The decision in CFMMEU v Mt Arthur Coal Pty Ltd [2021] FWCFB 6059 shows the importance of consultation before a direction to employees will be deemed lawful and reasonable.

The full bench of the Fair Work Commission undertook an exhaustive review of the facts and arguments relating to the issue on 7 October 2021 of a site access requirement that employees and others not enter the Mt Arthur open cut coal mine at Muswellbrook in New South Wales after 9 November 2021 unless they could demonstrate that they had had at least a first dose of an approved COVID-19 vaccine.

The case was significant because, unlike in Victoria, there was no public health order in New South Wales mandating vaccination generally let alone for coalminers, which provided a legal basis for the site access requirement.

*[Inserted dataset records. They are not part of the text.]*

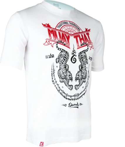 Pánské Muay Thai tričko 8 weapons SAK YANT TIGERS - bílé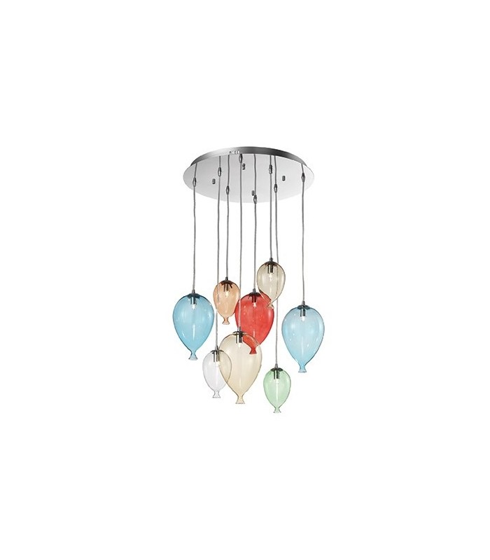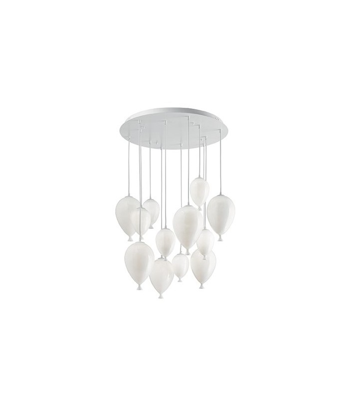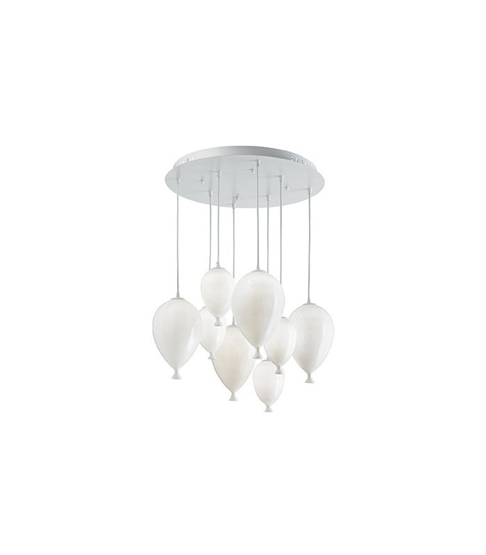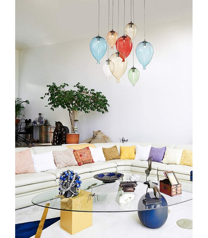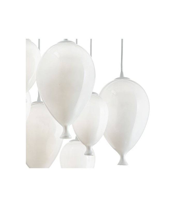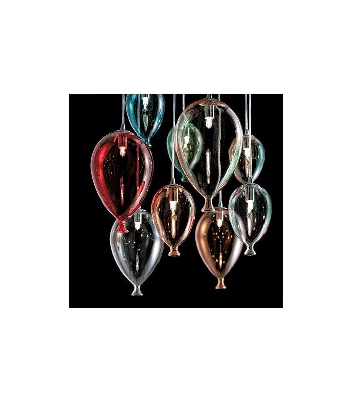 Decorativa e dallo spirito moderno questa lampada prevede tre varianti di grandezza: sette luci, otto e dodici luci, due finiture per la montatura quali bianca con diffusori bianchi e cromo con diffusori multicolor trasparente o cromo.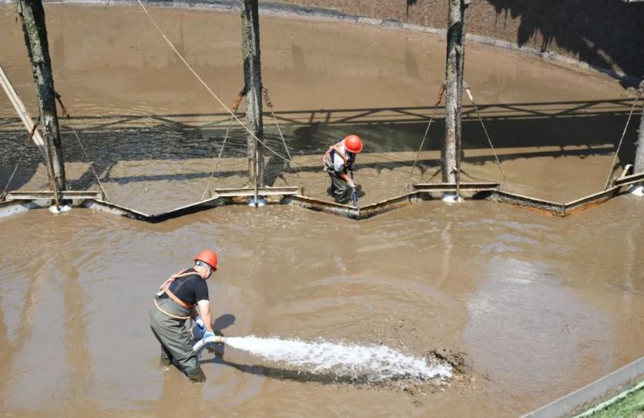 7 月下旬,青山湖污水廠(chǎng)拉響 “警報”。1 號二沉池刮泥機因連日高溫下長(cháng)期高負荷運轉,刮泥板零部件扭曲變形、脫落。要知道,刮泥機一旦停擺,污水處理沉淀環(huán)節將陷入混亂,進(jìn)而影響整個(gè)工藝流程的穩定運行。為將對污水處理工藝的影響降到最低,市污水公司迅速行動(dòng),多次組織研討,精心優(yōu)化維修方案。在完成向上級報備,并采取降低進(jìn)水量、排水放空等預處理措施后,維修中心與青山湖廠(chǎng)部緊密配合。維修人員身著(zhù)厚重防護裝備,毅然踏入池底。高溫下,他們分工明確,沖洗、檢測、拆卸、安裝等工序有條不紊地進(jìn)行著(zhù),專(zhuān)注修復更換刮泥機破損部位。經(jīng)過(guò)不懈努力,7 月 30 日,1 號二沉池恢復正常運轉。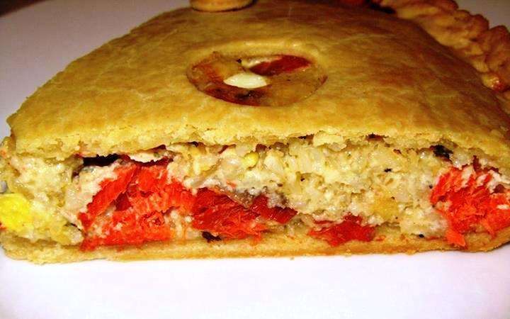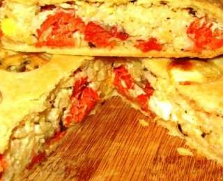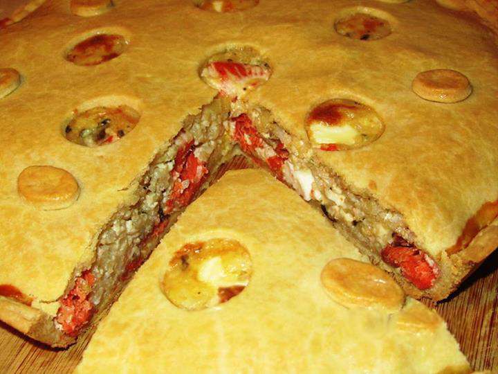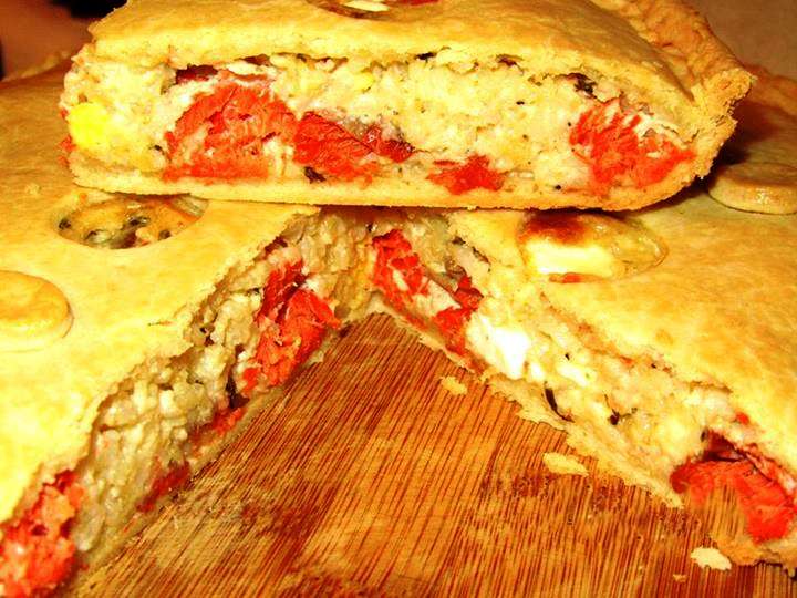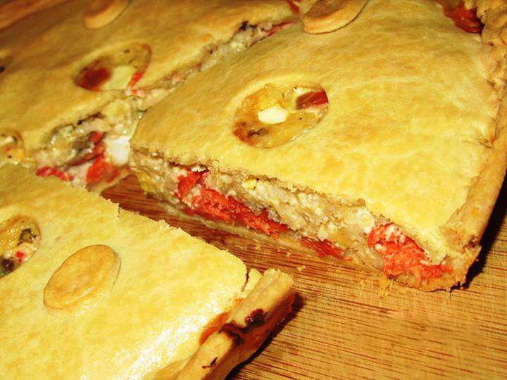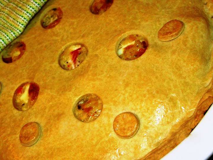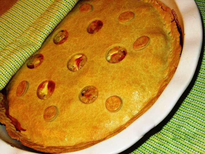 Խմորը բաժանել 2 անհավասար մասերի, մեծ մասը գրտնակել, տեղափոխել կարագով պատված ջեռոցի ամանի մեջ, խմորին տալ ամանի ձևը: Խմորի վրա լցնել միջուկը: Խմորի մյուս մասը գրտնակել, մի քանի հատ անցք անել և ծածկել միջուկը, ամրացնել եզրերը: Այս քանակությունը նախատեսված է 26 սմ տրամագծով կլոր տապակի համար, եթե ձեր տապակը փոքր է, նշվածի կես բաժինը պատրաստեք: Երեսին հարած ձու կամ սերուցք քսել: Հարած ձվով ավելի լավ է կարմրում: Ես սերուցք եմ քսել:
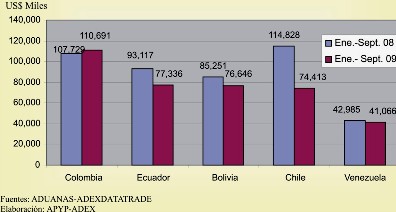 La crisis no solo afecta a EE.UU., los países de la Unión Europea y el Asia, sino también a los del área andina, es así que entre enero y septiembre, si bien los volúmenes de los productos del subsector químicos que tienen a nuestros vecinos como sus principales destinos, mantuvieron un crecimiento de 1.1%, el monto FOB cayó en 21.6%, informó la Asociación de Exportadores (ADEX).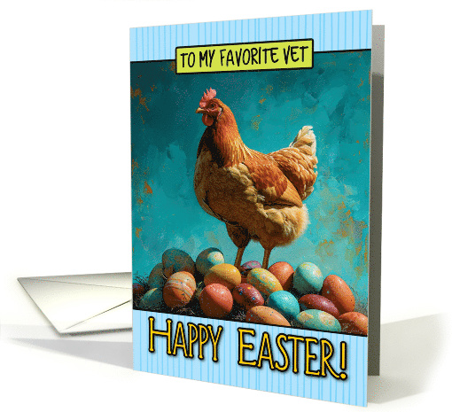 | Artist Notes: | A productive hen stands proudly amidst many painted easter eggs painted in the style of vibrant colorism and the text "to my favorite vet" in a lime-green box, and "Happy Easter!" in yellow on a light-blue striped background. A festive card to send to your wonderful veterinarian for Easter. |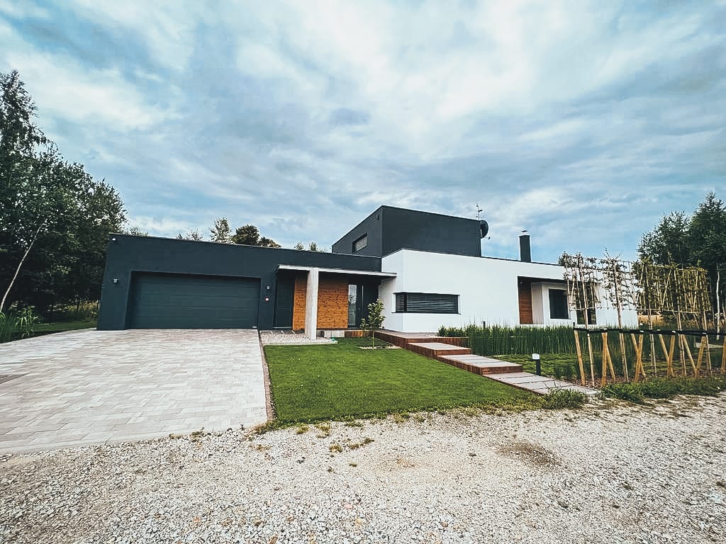 The front part of the house has fewer windows and a more austere shape, while the garden elevations are transparent, ensuring essential contact with nature. The development of the recreational area complements the architectural concept and emphasizes the modern design of the building. The planned architecture does not dominate but rather strives to integrate harmoniously with the existing context. The building incorporates energy-efficient technologies, sun protection systems, and a ventilation system with heat recovery.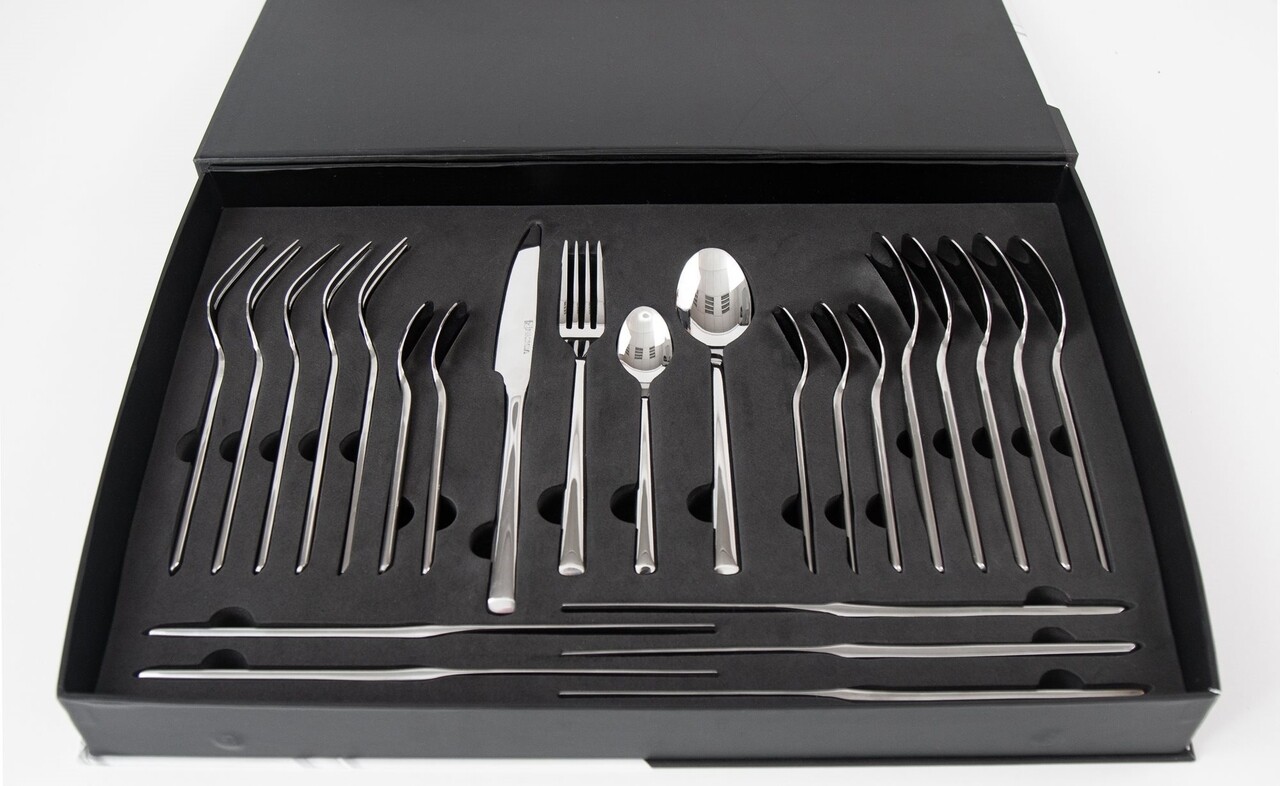 Rezistent la acizi si coroziune, setul de tacamuri poate reprezenta un cadou perfect, ce va completa cu eleganta mesele dumneavoastra.

Apart from that there was nothing in the operative enterprise agreement or the mine employees’ contracts, which provided an explicit legal basis for the site access requirement.

Therefore for the full bench to uphold the site access requirement it had to be satisfied that it was a lawful and reasonable direction that employees were required to follow.

It is an accepted proposition that implied into all contracts of employment is a requirement that employees follow the lawful and reasonable directions of their employer.

Although the full bench found that Mt Arthur, and its parent company, BHP, had been educating the workforce since August 2021 on the benefits of vaccination and was prepared to assist in answering questions, through an email letterbox, it was not satisfied that genuine consultation had taken place with the employees and their unions before the announcement of the site access requirement.

The telling point appears to have been that there was a failure of Mt Arthur to comply with its obligations under the Workplace Health and Safety Act of New South Wales in deciding whether consultation had in fact taken place.

Another factor that may have persuaded the full bench to rule against the site access requirement being lawful and reasonable was that the Muswellbrook local government area in which the mine was located had high vaccination rates without mandatory vaccination needing  to occur.

In the broader context, the full bench adopted or accepted a number of propositions concerning consultation in a general sense.

For example, a right to be consulted does not equal a right to veto a decision that an employer may make. Nor is consultation an exercise in collaborative decision making but a genuine opportunity to be heard about subjects before any final decision is made. Implicit in the consultation process is the opportunity to persuade the decision maker to adopt a different course of action.

As the site access requirement was presented as a fait accompli, affected employees and their unions had no opportunity to persuade Mr Arthur to another decision that may have achieved the same objective as the site access requirement.